하위 노드와 supervisor 노드 연결

In [28]:
research_graph = StateGraph(ResearchTeamState)
research_graph.add_node("Search", search_node)
research_graph.add_node("WebScraper", research_node)
research_graph.add_node("supervisor", supervisor_agent)

# Define the control flow
research_graph.add_edge("Search", "supervisor")
research_graph.add_edge("WebScraper", "supervisor")
research_graph.add_conditional_edges(
    "supervisor",
    lambda x: x["next"],
    {"Search": "Search", "WebScraper": "WebScraper", "FINISH": END},
)


research_graph.add_edge(START, "supervisor")
chain = research_graph.compile()


# The following functions interoperate between the top level graph state
# and the state of the research sub-graph
# this makes it so that the states of each graph don't get intermixed
def enter_chain(message: str):
    results = {
        "messages": [HumanMessage(content=message)],
    }
    return results


research_chain = enter_chain | chain

Research Team 구조

In [29]:
from IPython.display import Image, display

display(Image(chain.get_graph(xray=True).draw_mermaid_png()))

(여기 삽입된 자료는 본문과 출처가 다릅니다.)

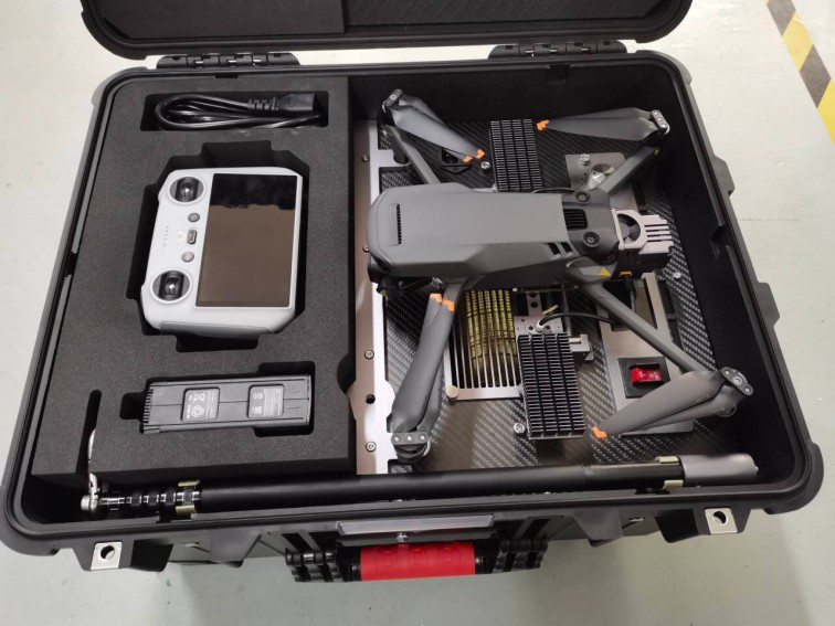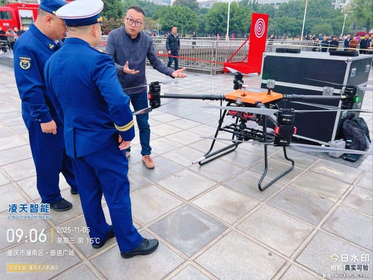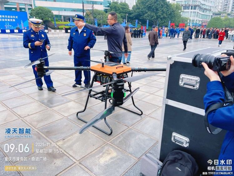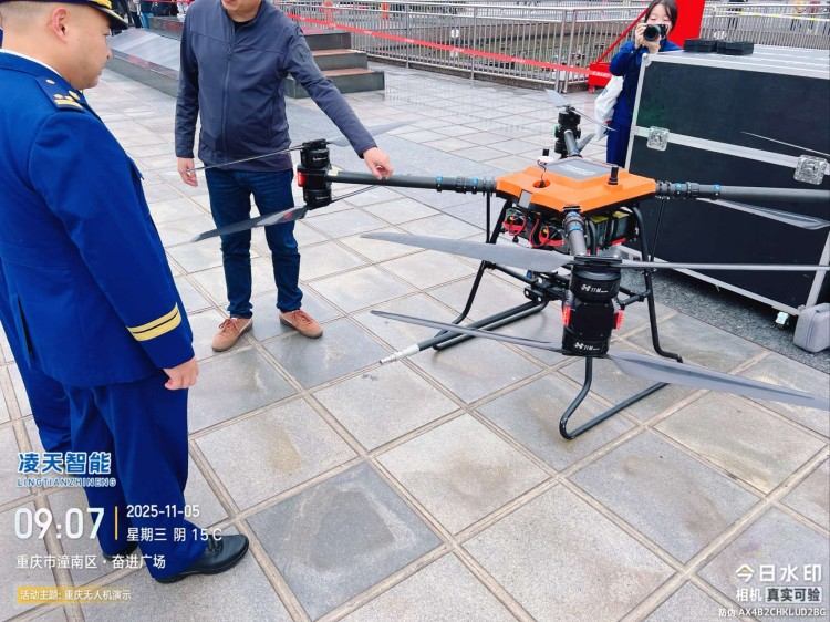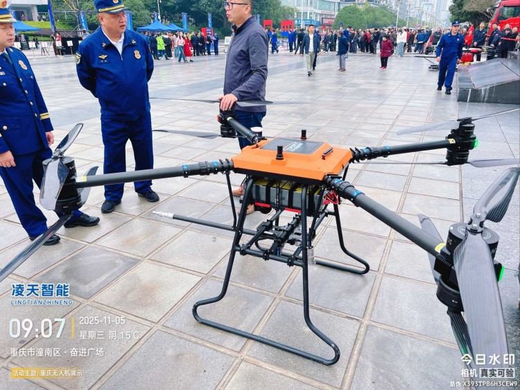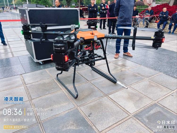 本無人機為北京凌天智能裝備集團研發的陸空兩棲三維偵測建模無人機,采用四旋翼機身設計,載重大,續航長,并且機體折疊標準化負載接口。同時,該無人機具備陸空兩棲功能,可以在地面行駛。

<IPython.core.display.Image object>

PodCast Team 생성

In [30]:
# PodcastTeam 그래프 상태
class PodcastTeamState(TypedDict):
    messages: Annotated[List[BaseMessage], operator.add]
    team_members: List[str]
    next: str
    script: List[dict]
    audio_segments: List[str]

podcast_plan_system="""
You are tasked with creating a structured script for a podcast episode. 
The script should consist of a series of interactions between the host and the guest based on the provided topic and information from the research.
IMPORTANT NOTE: The podcast should have 2 or more speakers to have a conversation.

For each part of the dialogue, clearly specify whether it's the host speaking or the guest. Also, assign a suitable voice model for text-to-speech conversion for each segment. Use the following voice models based on the character:

- Host segments: Use the 'alloy' voice model.
- Guest segments: Use the 'fable' voice model.

The output should be a list where each item is a dictionary with keys 'speaker', 'text', and 'voice', indicating the speaker (host or guest), their line of dialogue, and the voice model to use.

Example output format:
[
    {"speaker": "host", "text": "Welcome to our podcast, where we explore the latest in technology.", "voice": "alloy"},
    {"speaker": "guest", "text": "Thank you for having me, it's great to be here to share my experiences.", "voice": "fable"},
    {"speaker": "host", "text": "Can you tell us about your current project?", "voice": "alloy"},
    {"speaker": "guest", "text": "Certainly! I've been working on a new AI platform that...", "voice": "fable"},
    ...
]

Your task is to generate a similar structured script in **KOREAN**,
ensuring each dialogue segment between the host and guest is well-defined and allocates the appropriate voice model for the text-to-speech conversion process.

"""
podcast_planner_agent = create_react_agent(
    llm, state_modifier=podcast_plan_system,tools=[tavily_tool]
)
podcast_planner_node = functools.partial(agent_node, agent=podcast_planner_agent, name="PodcastPlanner")

# AudioProducer 에이전트
audio_producer_system="""
You are responsible for producing the final audio for the podcast episode. 
Take the structured script provided by the Podcast Planner, which contains segments marked with 'speaker' (either 'host' or 'guest'), the 'text' for each segment, and the 'voice' model to use.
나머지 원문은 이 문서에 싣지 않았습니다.